Off One's Base, LLC is an independent production company, and is one of the producers of Beast Games. Amazon Alternative, LLC creates unscripted television, and is a division of Amazon MGM Studios. The 100 anonymous individuals, referred to in the lawsuit as Does 1100, are employees whose names were not known to the plaintiffs at the time they filed the lawsuit.

An additional defendant, MysticArt Pictures, LLC, a production and casting company, was later added to the lawsuit. On May 10, 2025, Mysticart Pictures, LLC was dismissed from the suit.

== Allegations ==
A number of sexual harassment claims have been made against the production companies. In addition, the contestants allege that they did not get paid adequately for their work, sometimes not getting paid at all. Contestants have also said they have not yet received promised prizes and compensation money. Contestants further said that they did not receive adequate amounts of food or medical care throughout the course of the show, despite many participants becoming injured. Contestants also stated that they had their phones and other personal belongings taken away from them prior to arriving to the stadium to film.
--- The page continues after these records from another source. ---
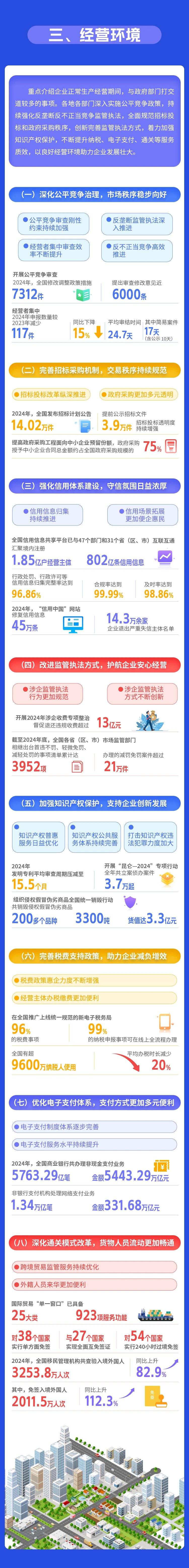 《报告》突出中国特色,展示我国以“高效办成一件事”为牵引提升行政效能和水平的创新实践,具体介绍企业开办、企业信息变更、破产信息核查、企业注销等领域“一件事”实施效果。《报告》紧扣企业关切,以经营主体获得感为导向,聚焦破除准入壁垒、保障公平竞争、规范监管执法、保护知识产权等突出关切,介绍2024年相关领域出台的法律法规或政策文件、贯彻落实的具体举措、取得的实际成效,辅以11个政策专栏、16个地方案例生动呈现改革实施效果。
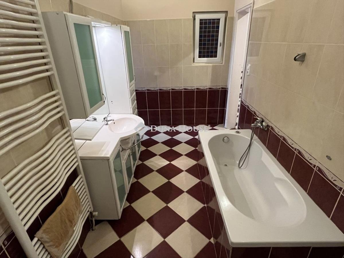 A fürdőszoba kifejezetten tágas, külön WC-vel, a konyha és étkező egy légtérben kapott helyet, így a mindennapok és a vendégfogadás is kényelmesen megoldható.
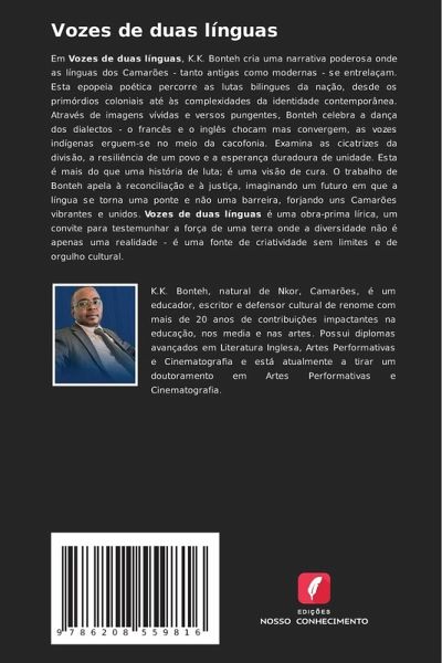 Em Vozes de duas línguas, K.K. Bonteh cria uma narrativa poderosa onde as línguas dos Camarões - tanto antigas como modernas - se entrelaçam. Esta epopeia poética percorre as lutas bilingues da nação, desde os primórdios coloniais até às complexidades da identidade contemporânea. Através de imagens vívidas e versos pungentes, Bonteh celebra a dança dos dialectos - o francês e o inglês chocam mas convergem, as vozes indígenas erguem-se no meio da cacofonia. Examina as cicatrizes da divisão, a resiliência de um povo e a esperança duradoura de unidade. Esta é mais do que uma história de luta; é uma visão de cura. O trabalho de Bonteh apela à reconciliação e à justiça, imaginando um futuro em que a língua se torna uma ponte e não uma barreira, forjando uns Camarões vibrantes e unidos. Vozes de duas línguas é uma obra-prima lírica, um convite para testemunhar a força de uma terra onde a diversidade não é apenas uma realidade - é uma fonte de criatividade sem limites e de orgulho cultural.

The complaint also alleged that contestants were made to provide false information and were misclassified as volunteers rather than employees to allow the production to obtain Nevada tax credits and avoid other taxes. In addition, the plaintiffs alleged that they were told that the competition would involve 1,000 participants, which was later revealed to them to mean 1,000 on the televised show out of an initial 2,000 participants.

As a result of the conditions they faced, contestants alleged that the conduct of the production companies and staff caused them "serious emotional distress".

== Response ==
A spokesperson for Donaldson said that:

The MrBeast promotional video shoot, which included over 2,000 participants, was unfortunately complicated by the CrowdStrike incident, extreme weather, and other unexpected logistical and communications issues, which we are currently reviewing, but we are grateful that virtually all of those invited to Toronto for our next production have enthusiastically accepted our invitation.
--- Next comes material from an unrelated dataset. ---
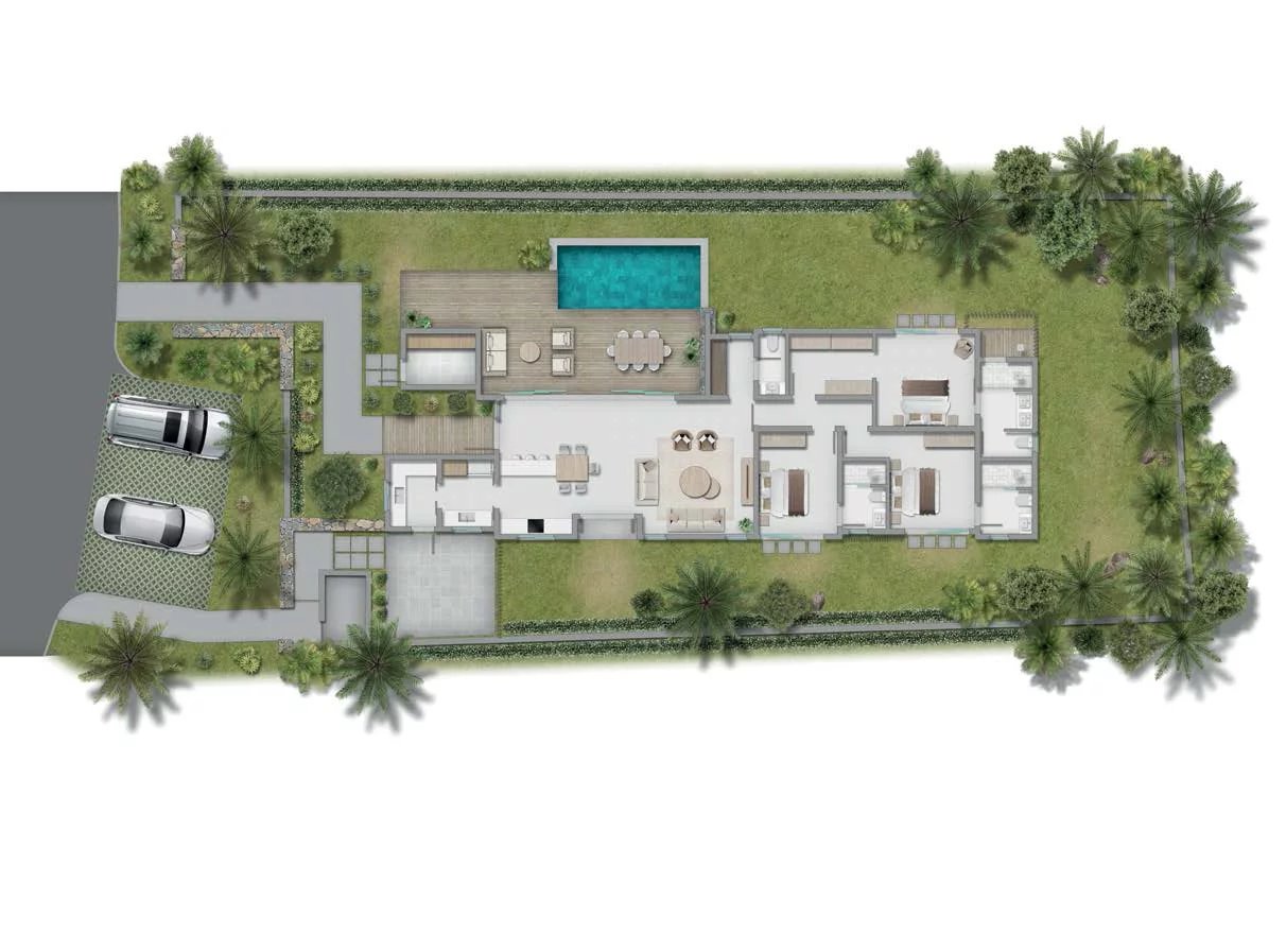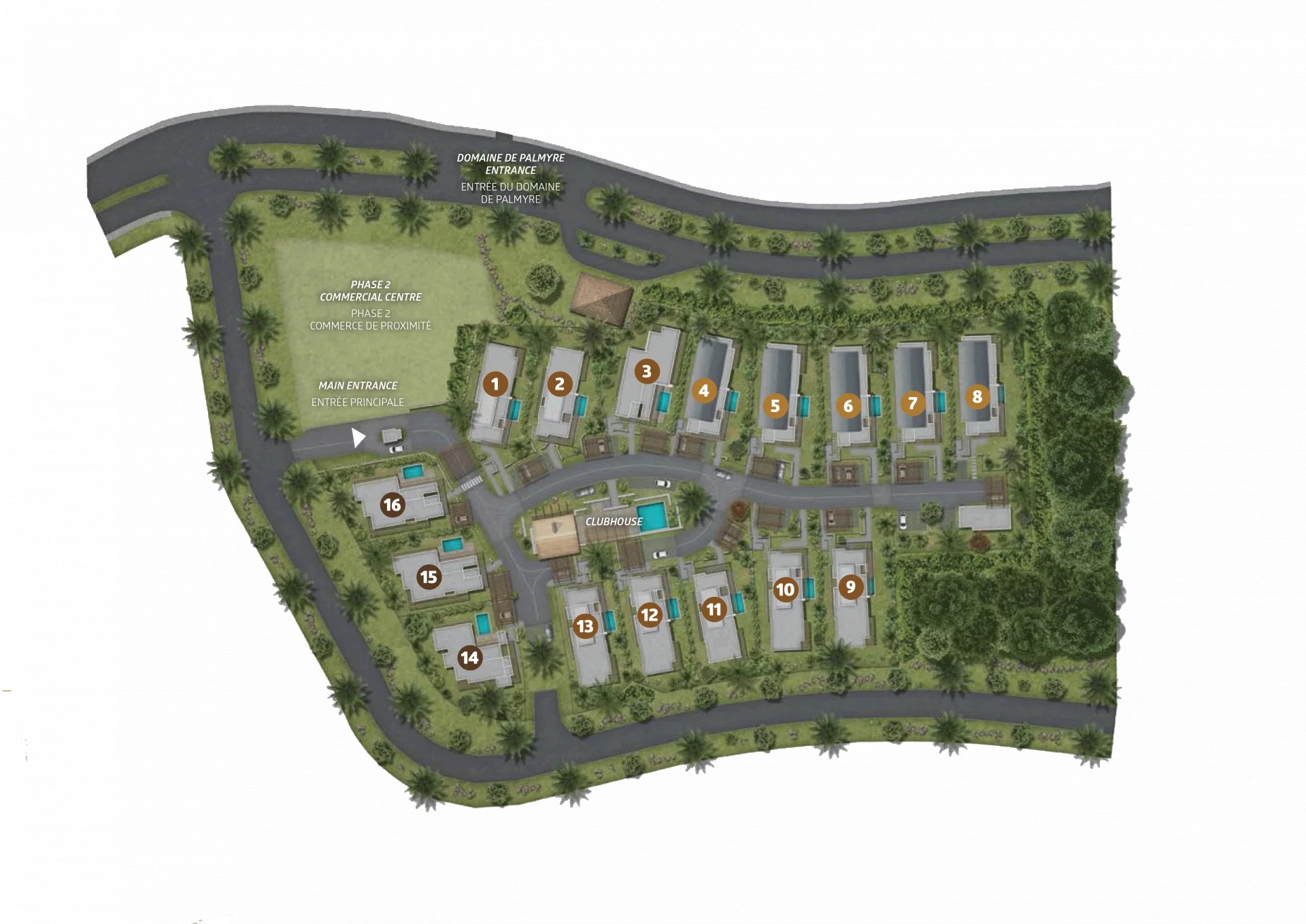 PALMARIS wurde auf einem großzügigen Grundstück von 1,66 Hektar konzipiert und bietet weitläufige Grünflächen, die Privatsphäre respektieren und die Atmosphäre eines privilegierten, gesicherten Dorfes schaffen.

We have communicated directly with 97 percent of the 2,000 people who attended to ask for feedback, have launched a formal review of the process, and have taken steps to ensure that we learn from this experience and we are excited to welcome hundreds of men and women to the world’s largest game show in history.
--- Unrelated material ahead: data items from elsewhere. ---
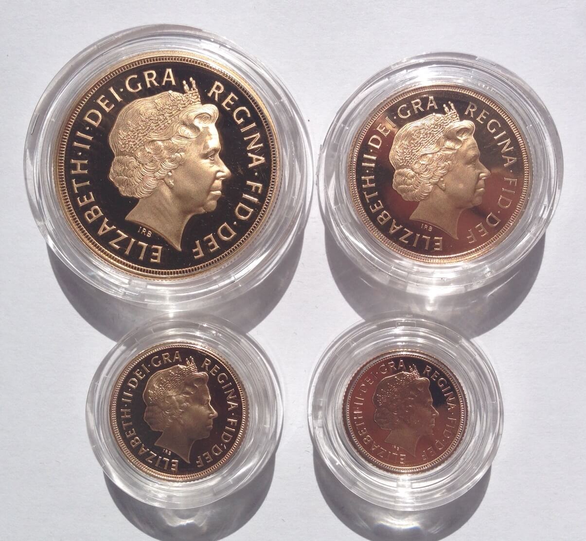 The set contains a gold proof five pounds (£5), two pounds (£2), sovereign and half sovereign. Benedetto Pistrucci's famous portrayal of St. George slaying the dragon is depicted on each of the reverses.
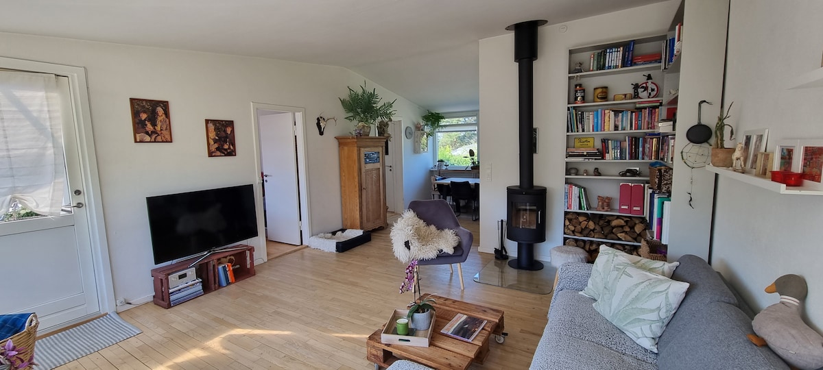 Meşə və çimərliyin yaxınlığındakı bu unikal və gözəl evdə dincəlin Yatmaq üçün terrası olan bir neçə dost/dost üçün kifayət qədər yer var. İçəridə ev genişdir, böyük sevimli qonaq otağı, ikinəfərlik çarpayısı olan yataq otağı və hamam-tualetə birbaşa giriş, soba, tabaşir, soyuducu və s. Paltaryuyan maşına giriş imkanı var Rungsted sahili Kopenhagen və Helsinqør arasında yerləşir. Suya təxminən 1 km, bütün restoranları və Karen Blixen evi ilə dəbli Rungsted Limanı.
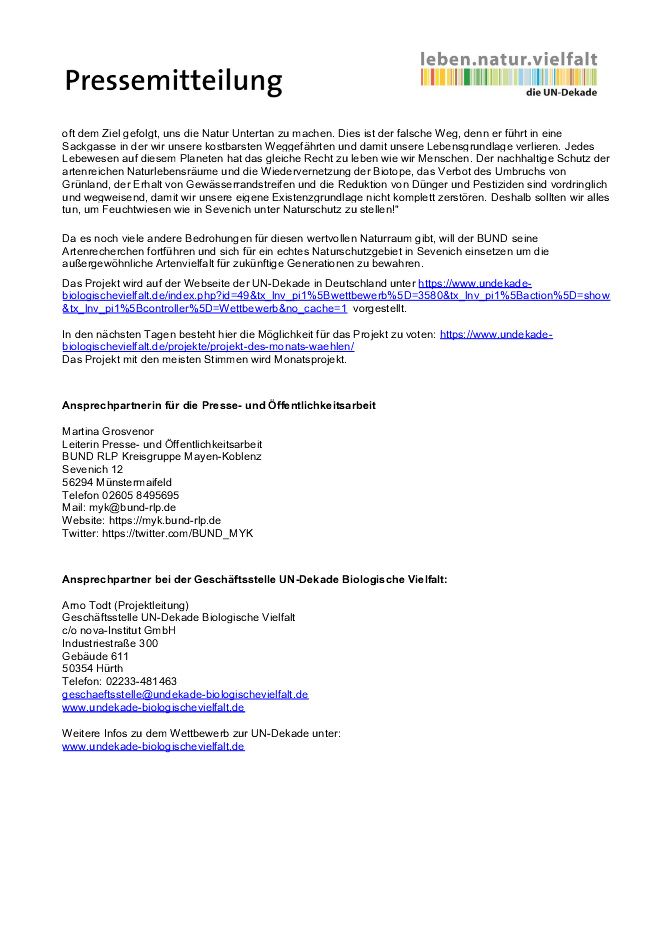 BUND RLP, 5.7.2023, Link: BUND-Spendenaufruf für Rettung des Sevenicher Biotopverbundes
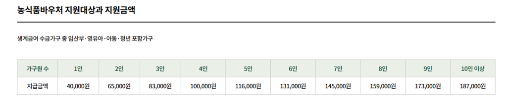 가구원 수에 따라 달라지는 농식품 바우처 지원금액
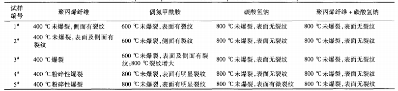 (3)添加防爆劑試樣的抗爆裂性能得到明顯改善,尤其采用碳酸氫鈉或碳酸氫鈉+聚丙烯有機纖維復合的防爆劑抗爆裂效果最好。
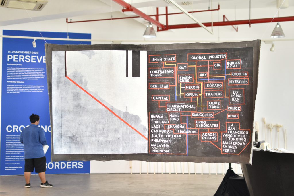 The next event was the immersive 13-day art exhibition 2023 ASEAN-Korea Innovative Culture Exhibition with the theme “PERSEVERANCE: Art Crossing Borders”. It was held from 14 – 25 November 2023. With the goal to showcase artworks by ASEAN-Korea artists, all works were sourced from collectors and cultural institutions from the ASEAN-Korea region. Discussions on the evolution of Southeast Asian contemporary art gained traction since the mid-1990s, notably in showcasing artworks from Southeast Asian artists at international art events like the Asia Pacific Triennale (Brisbane, Australia) and the Fukuoka Art Triennale (Japan). Concurrently, independent institutions and curators initiated exhibitions focusing on art practices within the Asia Pacific to foster interconnectedness and define a sense of “regionalism” within contemporary art in the region.
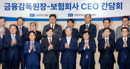 이찬진 금융감독원장(앞줄 가운데)이 1일 서울 종로구 생명보험교육문화센터에서 열린 '금융감독원장-보험회사 CEO 간담회'에 참석해 보험회사 CEO들과 기념사진촬영 하고 있다.

The three named production companies have been contacted multiple times, including by Variety, the BBC, CNN, and CBS News. In all cases, Amazon declined to comment. In one case, MrBeast's representatives declined to comment, while on other occasions they did not reply to the request for comment. The BBC said they were unable to contact Off One's Base for comment.

On November 25, 2024, Donaldson replied to a user on X, stating that there are "tons of behind the scenes dropping when the show does to show how blown out of proportion these claims were", but that he "can't release it now because it would spoil the games". In an interview on Good Morning America on February 11, 2025, Donaldson responded, "I got to let the lawyers handle it, I can't comment on it", and added "But what I can say – I've personally talked to 700–800 contestants, they all want to come back, they all had a great time. And you can watch their content online and I think it speaks for itself."